As you live alone, there will be no do’s or don’ts. But I wish to share a few things which you might find useful in living alone to be able to find your true self. If, dear reader, you do not like them, please feel free to discard.
Firstly, feel free to make mistakes and learn from them. From the moment we are born, we are taught how to be and what to say, what is ‘normal’ and what is not. Now, even when we are alone, these so-called teachings hang around in our subconscious self. Being alone is a way of letting go of all of that. It is a way of unlearning these external programs.
Secondly, the small little creature in you is but human and is likely to feel lonely, which can be disheartening. Sometimes you might not even realise that loneliness is the issue. The most immediate “cure” for loneliness is making efforts to hang around with people, but I would say this is a quick fix, which takes you away from the real deal. It is important to stay with yourself to discover your depths.
Note that wanting to stay with yourself can also be an ego defense mechanism — its way of saying, “I am self-sufficient, I do not need anyone.” Let that not be the case either, since in this instance, you might disengage from your self by indulging in pseudo-pleasures, such as binging on entertainment. This is as harmful as going all out to be with people.

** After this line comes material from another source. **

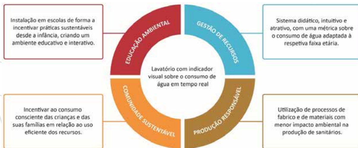
Figura 1 - Objetivos de Desenvolvimento Sustentável (ODS 4, 6, 11 e 12) Associados ao desenvolvimento do projeto.

Os ambientes escolares são espaços estratégicos para a educação ambiental, oferecendo a oportunidade de implementar soluções que promovam práticas sustentáveis de forma educativa, lúdica e intuitiva, em concordância com diretrizes da UNICEF, que destacam a importância de contribuir para a formação de uma geração consciente na adoção de práticas sustentáveis. Uma análise sustentada nos Objetivos de Desenvolvimento Sustentável (ODS) 4, 6, 11 e 12, identificou o consumo de água nestes espaços como uma oportunidade de projeto, em diferentes dimensões.

There is a balance between being with people and being alone, which is harmonious and conducive to growth. However, even better is the space you reach after you transcend the duality. It is a space in which you realise how, on the inside, you are inherently connected to everything. Strive for finding that, staying with that, and living from that space.
However, finding that space full of blissful joy is tough, especially since we all think of ourselves as an identity, an ego . Thus, on the journey to finding it, it is important to spend time treating all your instruments with care and doing things that give you joy. Paint, cook, learn to dance, do charity — anything which truly aligns with your purpose — but do not take credit for it or boast, because that which thinks it does these things is the ego, which must go.
This leads me to my third point. Do not feel guilty in making yourself comfortable, while at the same time knowing that your soul needs nothing. You make yourself comfortable to facilitate the journey towards not needing anything. It is only when you can remain unaffected, truly equanimous, can you really use your journey of living alone to be one with the spirit of the world.
Fourthly, cleaning up, both on the outside and on the inside, is an important part of the story of finding your true self. By that I do not mean spending time washing clothes obsessively or cleaning up the wardrobes. That is pseudo. But keep fresh things around you that align with your deeper self. Eat healthy fruits, create a little garden, water plants, burn incense sticks. Sooner or later, you will discover the sky within yourself.
Furthermore, it is in silence that you will find your true self, and thus, it will be helpful to discover and become comfortable with how silence feels to you. It is not as if the silence does not have qualities. It does. It feels pure, immaculate, white. Keeping white flowers around helps me align the environment with my inner being. I feel it is not indispensable but helpful, especially since in the beginning of finding silence, parts of your being are likely to be fragile and will, thus, have a tendency to fall back into their old habits.
Lastly, being alone will involve being away from friends and family. This can actually lead to the development of love for all beings, however. Usually we tend to be attached to some people, for whom we care more than others. This restricts who we are and leads to compassion that comes from the ego. I have repeatedly experienced that this type of compassion is quite violent, because it has some agenda or another — even if it is something as benevolent as a need to contribute to society. To be truly in line with the soul, one must be equanimous, and that involves love for all beings, without exception. Contrary to this, the ego’s habits tend to be focused on family, clients, friends. In this process we develop aversion towards outsiders. It is our task to realise that there are NO outsiders. With this realisation also comes the ability to cherish people — family, friends, clients, anyone. However, this kind of cherishing is very different from the first category. Somewhere we all know the difference.
In a way, living alone is like building a little home inside. A little home from where you can travel around the world, safe in the knowledge that deep within yourself there is a place waiting for you that is comfortable and secure.
 In Indian psychology, ego refers to “the sense of a separate self-existence” (Ghose, 1970)
Christie, A. (1977). An autobiography. New York: Dodd, Mead.
Ghose, A. (1970). Sri Aurobindo. Pondicherry: Sri Aurobindo Birth Centenary Library.